2.856177827987146e-5

$$1 - (1 - Q_1)^\frac{1}{m} = \pi_1\big[(F(x_1) - F(x_2)) + (F(x_2) - F(x_3))(1-\pi_2) + (F(x_3) - F(x_4))(1 - \pi_3)(1 - \pi_2) + (F(x_4))(1 - \pi_4)(1 - \pi_3)(1 - \pi_2)\big]$$

In [14]:
π_1 = (1 - (1 - rho[1])^(1/m)) / ((F[1] - F[2]) + (F[2] - F[3])*(1 - π_2) + (F[3] - F[4])*(1 - π_3)*(1 - π_2) + F[4]*(1 - π_4) * (1 - π_3) * (1 - π_2))

1.1532069840717093e-5

This last one is wrong, however, because we need $\pi_1 = 1$.

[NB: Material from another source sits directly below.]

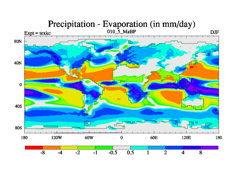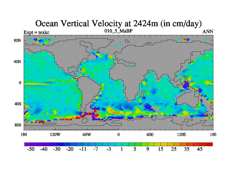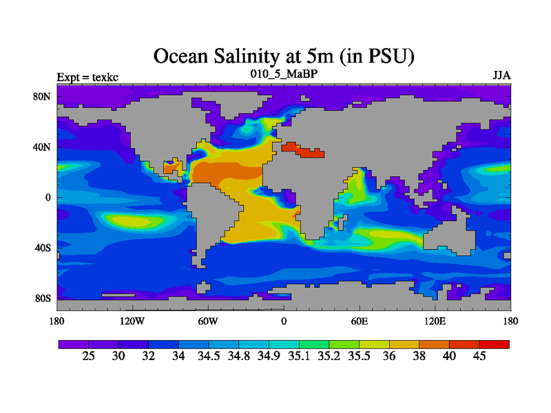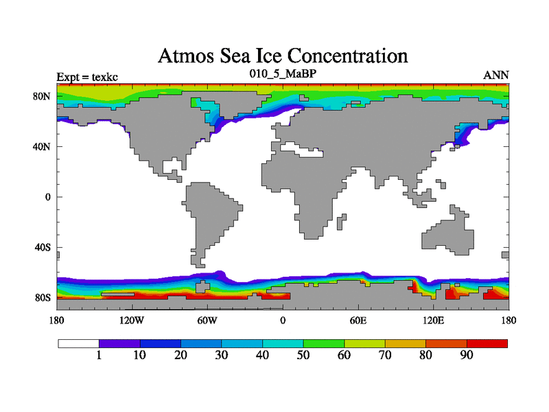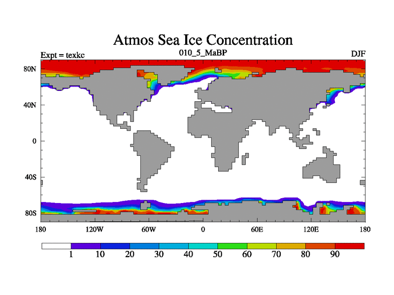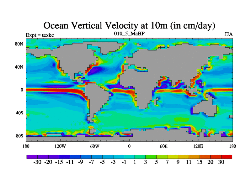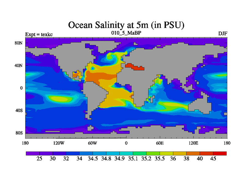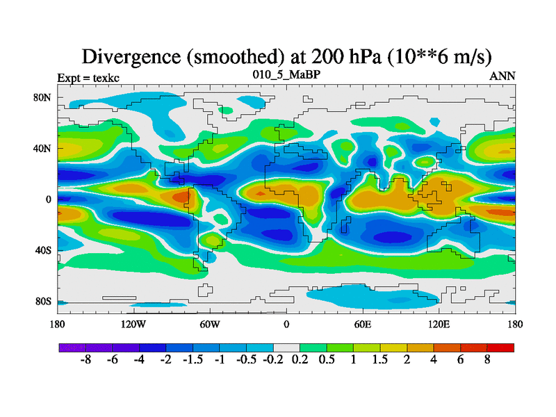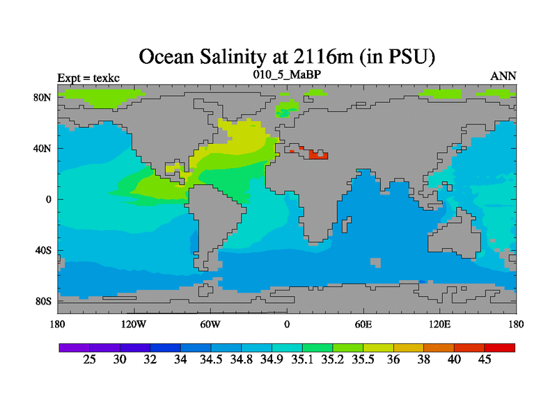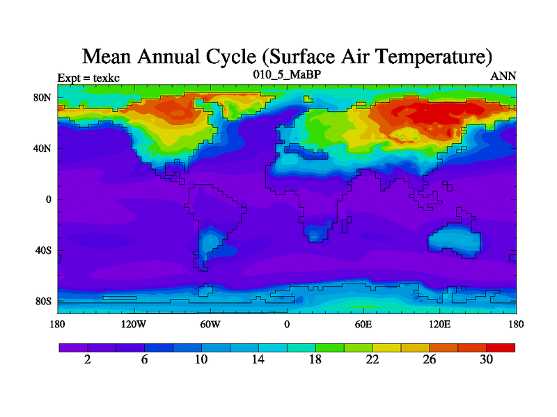 This is the 10.5 Ma simulation using the Scotese palaeogeographies. High output extension of the 5000 year spinup.

Now we check our answers. $Q_s$ is:

In [15]:
rho

1×4 Matrix{Float64}:
 0.0884294  0.11857  0.230539  0.0641425

So we use this to compare.

In [16]:
1 - (1 - ((F[1] - F[2])*(π_1) + (F[2] - F[3])*(1-π_2)*(π_1) + (F[3] - F[4])*(1 - π_3)*(1 - π_2)*(π_1) + (F[4])*(1 - π_4)*(1 - π_3)*(1 - π_2)*(π_1)))^m

0.08842944326775415

In [17]:
1 - (1 - ((F[2] - F[3])*(π_2) + (F[3] - F[4])*(1 - π_3)*(π_2) + (F[4])*(1 - π_4)*(1 - π_3)*(π_2)))^m

0.1185668456919472

In [18]:
1 - (1 - ((F[3] - F[4])*(π_3) + (F[4])*(1 - π_4)*(π_3)))^m

0.2305392950550832

In [19]:
1 - (1 - ((F[4])*(π_4)))^m

0.06414248349711116

So everything resolves. Thus, we now have $\pi_s$, so we can solve for the wages. Recall from the reading that the formula for the wages is equation (0.5):

$$\pi_s = \frac{1}{1 + (\frac{w_s}{w_{s-1}})^\frac{1}{m-1}}$$

We can extract the wages by doing the following sequence of operations:

$$\frac{1}{\pi_s} = 1 + (\frac{w_s}{w_{s-1}})^\frac{1}{m-1}$$

$$(1 - \frac{1}{\pi_s})^{m-1} = \frac{w_s}{w_{s-1}}$$

This provides us with a sequence of ratios.

In [20]:
(1 - (1/π_4))

-6787.173321997799

In [21]:
(1 - (1/π_3))

-6924.612379575234

In [22]:
(1 - (1/π_2))

-35010.825601375

In [23]:
(1 - (1/1))

0.0

But:

In [24]:
(1 - (1/π_4))^(m-1)

Inf

This is infinity, which is a problem.